Exercise details = Filter the records below for the word "with". Keep each line that has it.

Data in this exercise =
★ ★ ★ ★ ★ ★ ★

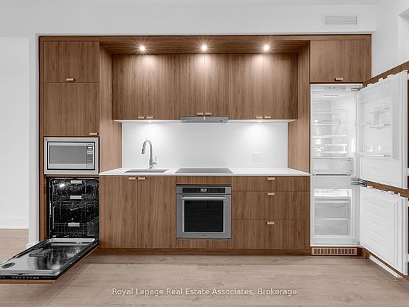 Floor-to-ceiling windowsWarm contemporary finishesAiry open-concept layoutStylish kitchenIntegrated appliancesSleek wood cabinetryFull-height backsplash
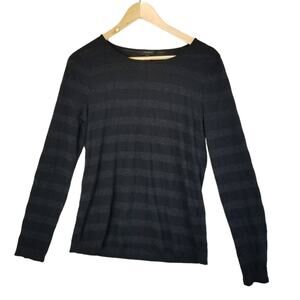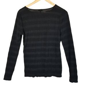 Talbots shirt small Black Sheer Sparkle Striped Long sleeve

★ ★ ★ ★ ★ ★ ★

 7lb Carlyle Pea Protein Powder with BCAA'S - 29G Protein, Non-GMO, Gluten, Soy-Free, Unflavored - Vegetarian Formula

★ ★ ★ ★ ★ ★ ★

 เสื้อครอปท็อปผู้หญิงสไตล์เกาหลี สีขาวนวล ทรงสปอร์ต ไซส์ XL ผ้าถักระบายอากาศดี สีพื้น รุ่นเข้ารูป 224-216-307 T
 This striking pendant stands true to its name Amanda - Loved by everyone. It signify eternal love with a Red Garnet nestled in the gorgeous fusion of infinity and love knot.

★ ★ ★ ★ ★ ★ ★

Answer for this exercise =
 7lb Carlyle Pea Protein Powder with BCAA'S - 29G Protein, Non-GMO, Gluten, Soy-Free, Unflavored - Vegetarian Formula
 This striking pendant stands true to its name Amanda - Loved by everyone. It signify eternal love with a Red Garnet nestled in the gorgeous fusion of infinity and love knot.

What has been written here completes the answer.